On February 11, the scheduled release date for the album he had or had not yet named, because who among us could say they truly knew? West hosted 200 of his closest friends at a joint listening event and presentation of his Yeezy Season 3 at Madison Square Garden, in which West played the album from his personal Macbook via an aux cord amidst a Beecroft set piece based on Paul Lowe’s 1995 photograph taken during the Rwandan genocide, before playing a trailer for a video game he created about his mother entering the gates of heaven; leading the Garden in a “F— Nike” chant; thanking Carine Roitfeld for “being a real b—-;” and telling us that one of his dreams is to become the creative director of Hermès.

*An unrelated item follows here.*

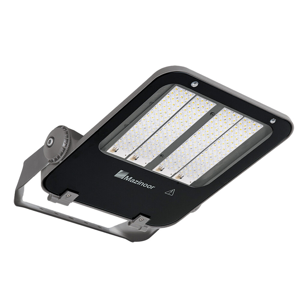 بررسی پروژکتور ۲۰۰ وات مازی نور مدل اپتیلوکس پخش نامتقارن نور | برای نورپردازی فضاهای رو باز و حیاطی، یکی از کاربردیترین تجهیزات، پروژکتورها، نورافکنها و همچنین چراغهای خیابانی هستند. این دسته از وسایل نورپردازی که با تکنولوژیهای مختلف ال ای دی، اس ام دی، سی او بی، گازی و… تولید میشوند، در برابر رطوبت و گردوغبار مقاوم بوده و میتوانند نور فضاهای بزرگ را به خوبی فراهم کنند. شما میتوانید علاوه بر فضاهای باز، برای نورپردازی کارخانهها و کارگاهها، سولهها و انبارها، ورزشگاهها و سالنها ورزشی و… نیز از این تجهیزات نورپردازی استفاده کنید. | یکی از برندهای خوشنام و درجه یک در تولید محصولات روشنایی و برقی، مازینور نام دارد که مجموعهای باکیفیت در تولید چراغهای اداری و تجاری، چراغهای بزرگ صنعتی، پنلها و … است. این شرکت با داشتن گواهینامه TÜV آلمان، توانسته است چراغهای خود را تحت لیسانس شرکت آلمانی آدولف شوخ تولید کند. این مجموعه با بیش از ۴۰ سال تجربه و به کار گرفتن فناوریهایی نوین در زمینه تولید چراغ، همواره در جهت جلب رضایت مشتریان خود میکوشد تا بهترینها را به آنها ارائه دهد. | پروژکتور ۲۰۰ وات مازی نور مدل اپتیلوکس پخش نامتقارن نور از جمله محصولاتیست که مجموعه مازی نور با استفاده از دستگاههای پیشرفته و تکنولوژی روز دنیا تولید کرده است. این محصول با طراحی مدرن و بدنه بسیار مقاوم، مناسب فضاهای باز و بسته است. بدنه این پروژکتور از آلومینیوم دایکاست تولید شده که باعث وزن مناسب، استحکام بالا و همچنین درجه حفاظت عالی IP66 میشود. شما میتوانید از چراغ پروژکتوری مدل اپتیلوکس برای نورپردازی انواع فضاهای خارجی استفاده میشود که علاوه بر نورپردازی اصولی و مناسب، جلوه زیبایی به محیط میدهد.

Usually this is where a publicity cycle more or less enters the touring stage, except West continued to make changes to The Life of Pablo, describing it as “a living, breathing, changing, creative expression,” citing the end of the album as a dominant release form (basically true), comparing himself to Saint Paul (possibly true?), and trying his hand at unfair business practices, declaring that he would never release the album outside of Tidal, encouraging his fans to sign up for the service (not successful). After this really busy weekend, he announced that he was $53 million in personal debt and appealed to Mark Zuckerberg, who “loves hip hop” to invest $1 billion in West’s ideas. Not to be ungracious, he also tweeted “hey Larry Page I’m down for your help too.”

YE

No one knows what goes on inside the mind of another person, not his family, not his artistic collaborators or assorted hangers-on, not the unslakable maw of the internet. Speculating about it publicly is tacky at best, but we’re going to do it anyway. It’s probably likely that in the intervening years since TLOP that West has dealt with bouts of manic depression, manifesting itself in unfortunate public appearances at Trump Tower in August 2017, and most recently, a days-long and increasingly looney Twitter spree which co-opted the public attention. West, apparently realizing he has too much money to not be a Republican, proclaimed his love for Trump, called him a brother and acknowledged their shared dragon energy.

None of this was presumably in promotion of any music project, until it was, and West announced a spray of forthcoming projects, including the already-released hydra of Pusha T’s Daytona; a collaborative effort with Push’s How To Make it in America co-star Kid Cudi; and Nas’s upcoming eleventh album. Published chains of rambling text messages and prospective cover art incorporating images of the plastic surgeon that performed the procedures on West’s mother, leading up to her death, followed; followed still by speculations and recriminations, snide public defenses by Kardashian, and a public contretemps with West’s erstwhile associate Rhymefest, in which he accused West of abandoning the struggling Chicago-based youth charity they started together and named for West’s mother, to which Kardashian responded by accusing him of owning bootleg Yeezys.

Oh, and on Thursday, he flew planefuls of people to Jackson Hole, Wyoming, where he’s secluded himself, for a listening party amid the mountains, which he then livestreamed on the WAV app, which is maybe the AOL Music of 2018? The last few months for West have been ugly, though perhaps not much uglier than what’s happening in the rest of the country. Lately, an uglier tomorrow always seems possible. Daytona has already reignited Push’s hoary feud with Drake, which was thrust into new, gruesome levels. To a large degree, and for a long time, West’s work, sonically and socially, has presaged where we go next. If this is indeed a surgical summer, let’s hope our insurance covers it.